Our flat smelled like mold. That was probably because there was mold. Almost everywhere. Like this wall by our stairs:
(no this is not where the insulation part comes in!)
We had toilets that didn’t flush, rusted out washer, most lights didn’t work, dirt everywhere and just a not fun place to be.
I wanted to insulate myself. (there it is)
By Tuesday, I was seriously ready to concoct some kind of cocoon and just stay in it for a good long while. How to fix all of these things, on top of just doing the normal stuff of getting sim cards for phones, internet connected, tvs working, food in the house, meals made, etc… (while all mostly in another language!) I was overwhelmed. Quickly.
And I was mad at myself.
Needless to say that this didn’t create the best family dynamic either. We fought. That’s ok, though bc we fight healthy and work it out, so don’t worry about us! Promise.

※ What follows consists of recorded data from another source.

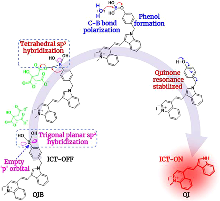 Therefore, a red-emissive fluorophore consisting of methylquinolinium iodide (Q) and indole-phenylboronic acid (IB) was designed to fulfill the above purposes (Scheme 1). Indole was conjugated as a π-spacer between Q and phenylboronic acid, where boronic acid acts as a citrate recognition moiety through a straightforward reaction of a Lewis acid-base sensing mechanism. Afterwards, methylphenol was eliminated and resonance stabilized into a methylquinolinium-indole (QI) product on increasing citrate concentration. The probe secured a large Stokes shift of 134 nm and obtained a lower LOD value of 38 nmol/L (S/N = 3). Citrate was detected quantitatively in prostate tissue to discriminate normal and cancer-affected prostates, which can signal the importance of treatment of PC patients the early stages by virtue of the medical applications. The QIB probe has the properties of being 100% water soluble, with citrate recognition boronic acid, red emission, and quantitative sensing performance in bio-experiments, and it acts as a biochemical reagent in diagnosing PC.
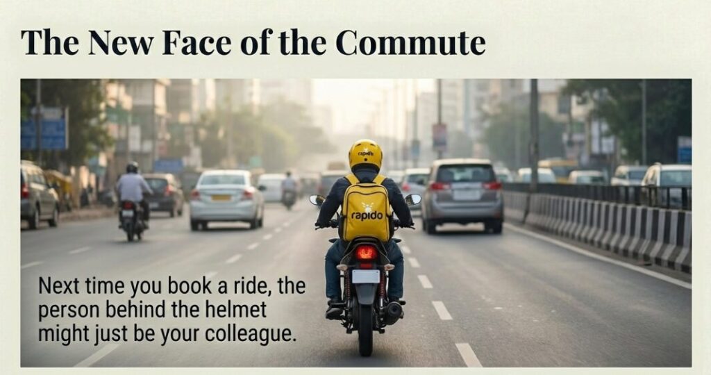 Imagine booking a bike taxi for a quick commute, only to discover your driver is a corporate professional who owns a luxury apartment. In Bengaluru, this isn’t a plot from a movie, it’s the reality of a modern, fast-paced economy where “side hustles” are taking on a whole new meaning.
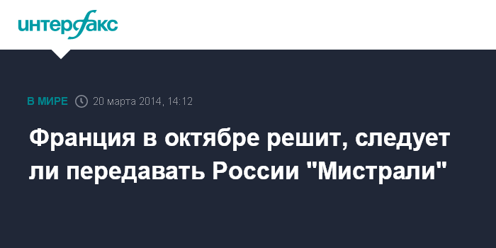 "Передача первого из этих кораблей намечена на октябрь. Следовательно, вопрос о возможной приостановке передачи станет актуальным именно в октябре", - сказал он в эфире телеканала BFMTV.
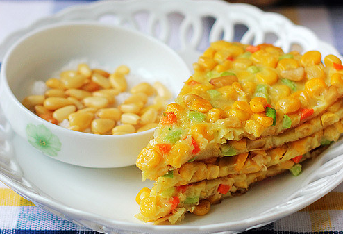 6、等到玉米烙底部凝固并金黄后,翻面,正面再加热2分钟即可,出锅后,切块即可食用,爱吃甜的可以表面再撒点糖,喜欢奇特的撒些番茄酱或是巧克力酱也是可以滴
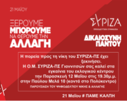 Η πολιτική αλλαγή στις 21 Μαϊου είναι απόλυτα αναγκαία για την μεγάλη κοινωνική πλειοψηφία Συντοπίτες και συντοπίτισσες, Έφθασε η στιγμή […]
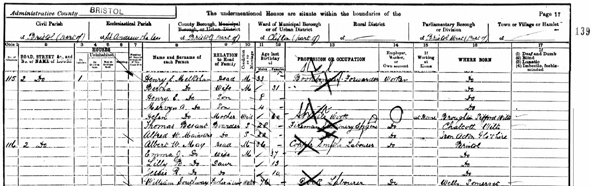 | Bertha L MAY | Grandchild | | 3 | | Clifton, Bristol |
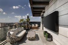 The penthouse was originally a five-bedroom property and was redesigned to meet the needs of its new owners, with particular attention given to the master bedroom and the balcony. The interior of the standard entrance door was covered with a dominant wood veneer that continues across the entrance wall and conceals two doors, one to the guest toilets and another to the son’s bedroom.

So there I was reeling from the last 48 hours and ready to insulate myself. I just didn’t think I could handle it and said so. Mad, angry, disappointed, overwhelmed, frustrated, in culture shock (again!), and mad and angry. Did I say that already? Well I was and it wasn’t fun, pretty or happy,
I knew I had to do something. I wanted to just insulate myself from the outside and all the hard transition, ‘make this life work’ stuff and what isn’t easy to manage.
I realized though I felt this way when I first had kids though too. I started thinking long and hard about that. That was the only other time in my life when I could remember some of the same feelings.
When our oldest came along, I never considered ‘slowing down’ or changing much of what we did because we had a son now. I felt pressure to do so though. I felt like I should insulate myself in my house and bake cookies all day long and always do what was ‘best’ for him. Which who defines that? Anyway, I could go on, but I’ll stop.
I fought that though and fought it hard. I just didn’t believe that was the plan. I just didn’t accept that kids had to keep us away from things and people and I needed to insulate myself to his world all the time… yes there are seasons and reasons, and times… I know… but as an exception, not the norm.
I just kept doing the things we had always done, but brought our son with us. Where we went, he went. It turned out to be a kinda simple strategy.
Then I started hearing things like, “Wow it is so great to see you guys not let kids slow you down.” “Do you always carry your pack in play in your trunk?” Yes yes we did, bc kids need to sleep sometimes when we aren’t at home! When I heard those kinds of comments and questions, I felt happy that we had pushed through and figured out how to not lose ‘us’, but have our kids join us.
When that big memory hit me this past week, I knew I was at that place again. I had to figure out how to not lose me but let me join India.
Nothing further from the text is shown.